Stocks of the four SARS-CoV-2 variants of concern (VOC), viz. alpha (hCoV-19/Australia/VIC17990/2020, passage 2), beta (501Y.V2.HV001, passage 4), gamma (hCoV-19/Japan/TY7–503/2021, passage 3), and delta (hCoV-19/Australia/VIC18440/2021, passage 2), were propagated and titrated in Vero E6 cells (CCL81; American Type Culture Collection (ATCC), Manassas, VA, USA) prior to use. Briefly, VeroE6 cells were grown in 150 cm2 flasks in Dulbecco’s Modified Eagle Medium (DMEM) containing 10% heat-inactivated fetal bovine serum (FBS), 10 mM HEPES, 100U/mL penicillin, 100 μg/mL streptomycin, and 250 ng/mL amphotericin B (all components from ThermoFisher Scientific, Scoresby, VIC, Australia) until 60–80% confluent. The received SARS-CoV-2 isolates were diluted in DMEM containing 10 mM HEPES, 100 U/mL penicillin, 100 μg/mL streptomycin, and 250 ng/mL amphotericin B, but no FBS (DMEM-D). Cells were inoculated with 4 mL diluted virus and were incubated for 30 min at 37 °C/5% CO2 before 50 mL DMEM containing 2% FBS, 10 mM HEPES, 100 U/mL penicillin, 100 μg/mL streptomycin, and 250 ng/mL amphotericin B was added. The flasks were incubated for an additional 48 h before supernatant was harvested. Harvested supernatants were clarified at 2000g for 10 min and stored in 1 mL aliquots at −80 °C. ATCC VeroE6 cells were additionally used for virus neutralization assays (see below).

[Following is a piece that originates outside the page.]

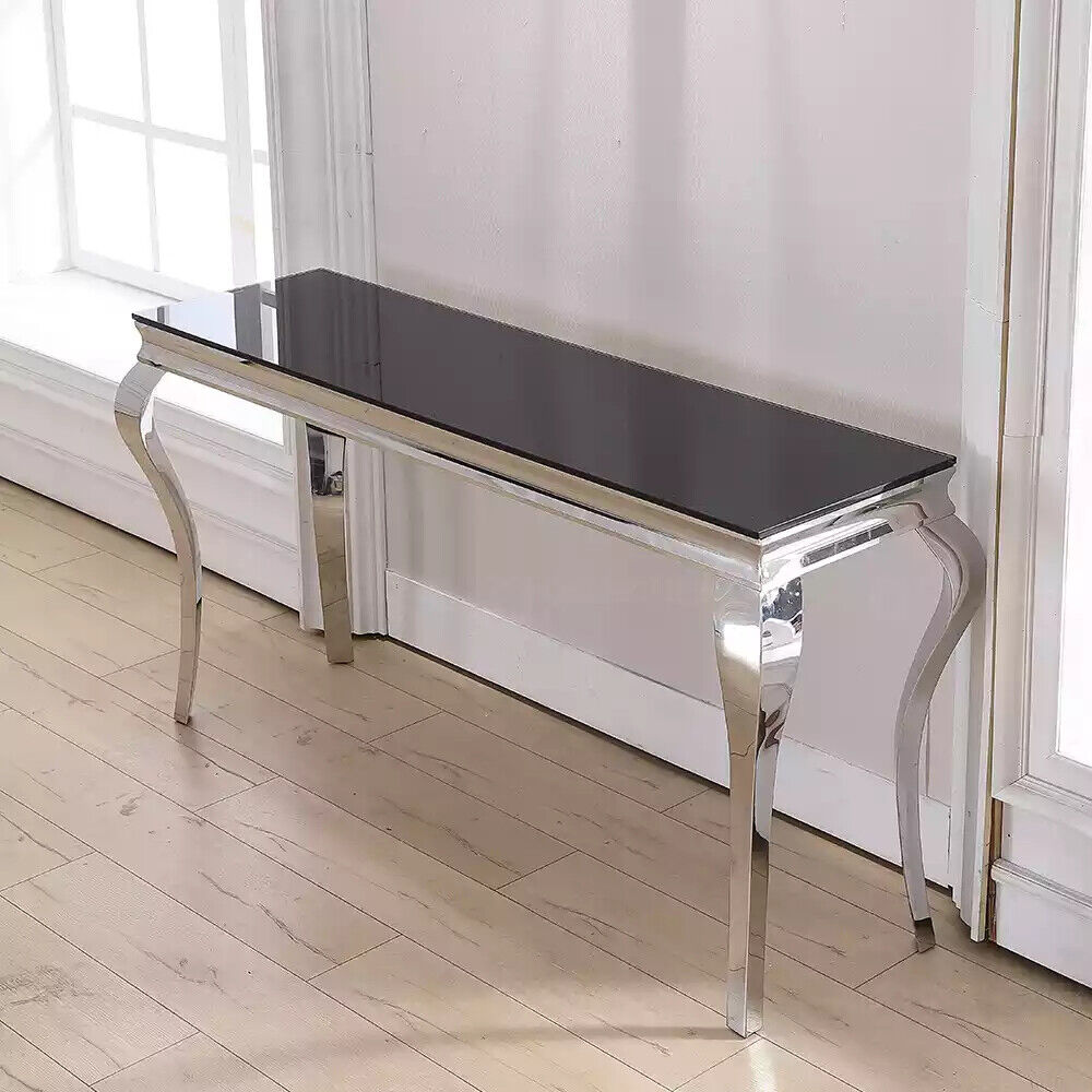 Ce Meuble d'appoint en métal, fabriqué en acier inoxydable et verre, est une pièce majestueuse qui apportera une touche de luxe à votre intérieur. Avec des dimensions généreuses d'environ 160 x 45 x 85 cm, cette console Meuble de rangement offre non seulement un espace de stockage pratique mais également un design élégant qui ne passera pas inaperçu. La combinaison de l'acier inoxydable et du verre confère à ce meuble une robustesse et une finition haut de gamme, parfait pour les amateurs de mobilier sophistiqué.

Serum samples used for live virus neutralization assays were provided by the Indian Institute of Science and Mynvax Private Limited from the mouse study, and the positive control ferret sera was sourced from a different study with the consent of the sponsor (Coalition for Epidemic Preparedness Innovations) and test item provider (University of Oxford). Each serum sample was diluted 1:80 in DMEM-D (see cell culture methods above) in a deep-well plate on a single occasion, followed by a 2-fold serial dilution in medium across the plate up to 1:163 840. The dilution series for each serum sample was dispensed into duplicate rows of a 96-well plate, for a total volume of 50 μL per well and duplicate wells per sample dilution. For the serum-containing wells, 50 μL virus diluted in medium to contain approximately 100 TCID50 (checked by back-titration) was added to each well. The plates were incubated at 37 °C/5% CO2 for 1 h to allow neutralization complexes to form between the antibodies and the virus. At the end of the incubation, 100 μL VeroE6 cells (propagated as outlined above for virus stock generation) were added to each well and the plates returned to the incubator for 4 days. Each well was scored for the presence of viral CPE, readily discernible on Day 4 postinfection, with SN50 neutralization titers calculated using the Spearman–Karber formula.[75,76]

Statistical Analysis

The P values for ELISA binding titers, neutralization titers, were analyzed with a two-tailed Mann–Whitney test using the GraphPad Prism software. The P values for pairwise Wt and B.1.351 pseudovirus neutralization titers were analyzed utilizing the Wilcoxon Rank-Sum test. The P value for hamster weight change between virus control and unchallenged groups was analyzed by two-tailed Student’s t test. The correlation coefficients for pseudovirus neutralization 293T-ACE2/VeroE6-TMPRSS2 cell line pseudovirus neutralizations were analyzed by Spearman correlation using the GraphPad Prism 8 software (GraphPad v8.4.3). Linear regression model with effects (lme function) were undertaken in R 4.0.4 with live virus neutralization titers as dependent variables and antigen and VOC as independent variables.[87]